Using recycled or recovered inputs usually goes hand in hand with innovation. Here’s a good example from Huber Engineered Materials – they figured out that they could take spent filter media from automotive paint booths and after de-agglomerating and further processing they create a calcium carbonate product that can be used in building products and carpet backing.

2a. Change your outputs: First your waste.

Why do you have waste? Can you redesign your processes so you don’t have any waste or at least so that whatever waste you generate is recyclable if not reusable?

2b. Change your outputs: Now your product.

How does your product or service generate waste – during use? End of life? Can you design your product so that it creates less waste and can easily be reused or at least recycled at its end of life?

Example: If you throw away food that reaches its sell by date because you think it’s unsafe, you’re usually wrong, and you and the other 84% of Americans that do that are wasting about 20% of your household food due to this label confusion. That’s a product wastage problem that Nestle wants to address so they have set a goal that by 2020: they’ll make date labels more understandable to reduce the likelihood you’ll pitch their product out prematurely.

Can you change your business model to include taking your product back?

Here’s an example, consider the medical device company Stryker. They have a Sustainable Solutions division that collects single use medical devices for reprocessing and sells them, good as the new product but at a discount. In 2017 they diverted nearly 13.4M pounds of waste from landfill, and by selling reprocessed devices back to their customers at lower costs, they’ve saved customers some $326M in supply costs.

3. Finally – innovate into an entirely new business model.

What made you successful today may not be your success tomorrow. Think of companies that didn’t do that – Blockbuster? Eastman Kodak?
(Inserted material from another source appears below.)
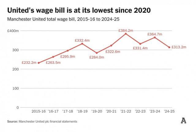 自拉特克利夫从格雷泽家族手中接管足球运营以来,为扭转财务局面,他已推行一系列成本削减措施。一项涉及多达450个岗位的裁员重组计划,加之无缘欧冠导致的奖金缺失,共同使曼联的工资支出降至3.132亿英镑,为19/20赛季以来的最低水平。

Consider for example selling the function that your product provides rather than the product. Companies like Philips have starting offering Lighting As A Service for example. They provide, maintain and replace lights and control systems for their customers, and that ideally results in optimal energy performance and recycling of light fixtures.  Navigant says LaaS revenue globally is expected to grow from an estimated $662.6 million in 2017 to $2.6 billion by 2026, experiencing a compound annual growth rate of 16.6 percent.

Here’s an example of bringing it all together from the life sciences division of Merck KGaA, MilliporeSigma, where they’ve embedded Design for Sustainability into Product Design : They redesigned a laboratory filtration manifold applying DfS they created a product that uses 47% less material, which because of lighter weight means 38% reduction in shipping emissions, the new design also reduces manufacturing scrap by 20%, in use 91% reduction in autoclave energy use, 100% recyclable packaging, 99% of the product can be recycled, oh and the product is lighter and easier for the customer to use.

The Call to Action

So where does that leave you? Those that provide a service, can your service enable circularity? If you make a product – well then think the full product lifecycle at the design phase, or even shifting from product to service. And for all of you, your buying choices are impactful, can you be more resource efficient or at least buy recycled or recovered products?

This grand opportunity starts with a small change. The power lies in the shift in your thinking to re-imagine your business as part of a circular economy instead of a linear one.

 

[1] Heck, Stefan and Matt Rogers; Resource Revolution, How to Capture the Biggest Business Opportunity in a Century, p.90, Melcher Media 2014.